An open API service indexing awesome lists of open source software.

https://github.com/matthewlabasan/nlp-project

Project for COMS3397: Natural Language Processing - Explorations in Text Summarization. Completed with Nicholas Lam.
https://github.com/matthewlabasan/nlp-project

Last synced: about 1 year ago
JSON representation

Project for COMS3397: Natural Language Processing - Explorations in Text Summarization. Completed with Nicholas Lam.

Awesome Lists containing this project

README

          

# Exploration in Summarization

Read our paper [here](./public/BC3997_Final_Report__Lam_Labasan.pdf)!

# Table of Contents
1. [Abstract](#abstract)
2. [Models & Datasets](#models--datasets)
3. [Replicating Our Experiment](#replicating-our-experiment)
4. [Reflection](#reflection)

# Abstract
This project evaluates the performance of BART and Pegasus large language models (LLMs) for summarizing text from Reddit microblogs and books, two domains with distinct challenges in text length, structure, and summarization needs. We compare five models—BART-large, BART-large-CNN, BART-Extractive, Pegasus-large, and Pegasus- CNN-DailyMail—on the Reddit_TIFU/long corpus and the BookSum corpus, using ROUGE and BERTScore metrics. Results show that BART models seem to fair better in both abstract and extractive summarization for both the Reddit and BookSum datasets when compared to Pegasus models. Our qualitative analysis of the generated summaries also shows that BART faired better in developing abstract summaries for longer texts compared to Pegasus, which was a surprise.

# Models & Datasets
## Models
1. [facebook/bart-large](https://huggingface.co/facebook/bart-large)
2. [facebook/bart-large-cnn](https://huggingface.co/facebook/bart-large-cnn)
3. [jordanfan/bart_extractive_1024_750](https://huggingface.co/jordanfan/bart_extractive_1024_750)
4. [google/pegasus-large](https://huggingface.co/google/pegasus-large)
5. [google/pegasus-cnn_dailymail](https://huggingface.co/google/pegasus-cnn_dailymail)

## Datasets
1. [reddit_tifu/long](https://www.tensorflow.org/datasets/catalog/reddit_tifu)
2. [ubaada/booksum-complete-cleaned](https://huggingface.co/datasets/ubaada/booksum-complete-cleaned)

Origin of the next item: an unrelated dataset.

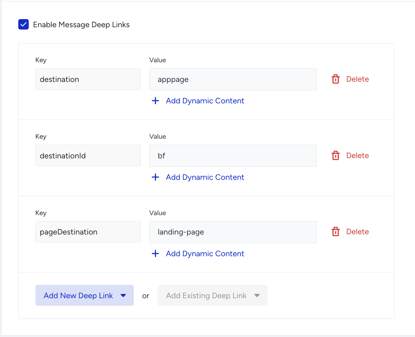 - Quando o destino for uma Landing Page, este campo deve ser preenchido com o ID da Landing Page configurado no CMS. é necessário também adicionar um campo nessa etapa com a chave

# Replicating Our Experiment
## Prerequisites:
1. Python 3.11 or any version compatible with all modules in `requirements.txt`

## Installation:
1. Clone this repository to your system. In the terminal, type in `git clone https://github.com/MatthewLabasan/nlp-project.git`
2. From the terminal, run `pip install -r requirements.txt`
3. Alternatively, you can run this in Google Colab by downloading the file in `public/BC3997_Final_Project_Code.py` and import into Google Colab.

## Usage:
1. Uncomment the `DATASET DOWNLOAD` section and download the Reddit dataset to your system.
2. Our results were developed by running each model on one dataset at a time. Uncomment the dataset in `DATASET SETUP` and the model in `MODELS` that you want to use.
3. Under `TESTING`, uncomment the code matching the dataset you will be using. This includes the code below `Process multiple examples for Reddit` or `Process multiple examples for BookSum`. You can optionally change the generator settings in this section. _Note_: The BookSum dataset requires you to truncate the input due to the models being limited to a 1024 token input.
4. Click run. Your results for that model and dataset will appear in the terminal.

# Reflection
Through this project, I gained experience in using and testing pre-trained models and developing an NLP experiment, as well as deepened my understanding in how different model architectures and fine-tuning impact summarization results. It took a lot of trial and error for me to setup and run the models, which helped me to solidify what I learned in class about tokenization and summarization. In the future, I hope to delve deeper into the training aspect of each model, and learn how to fine tune a model for my own purposes.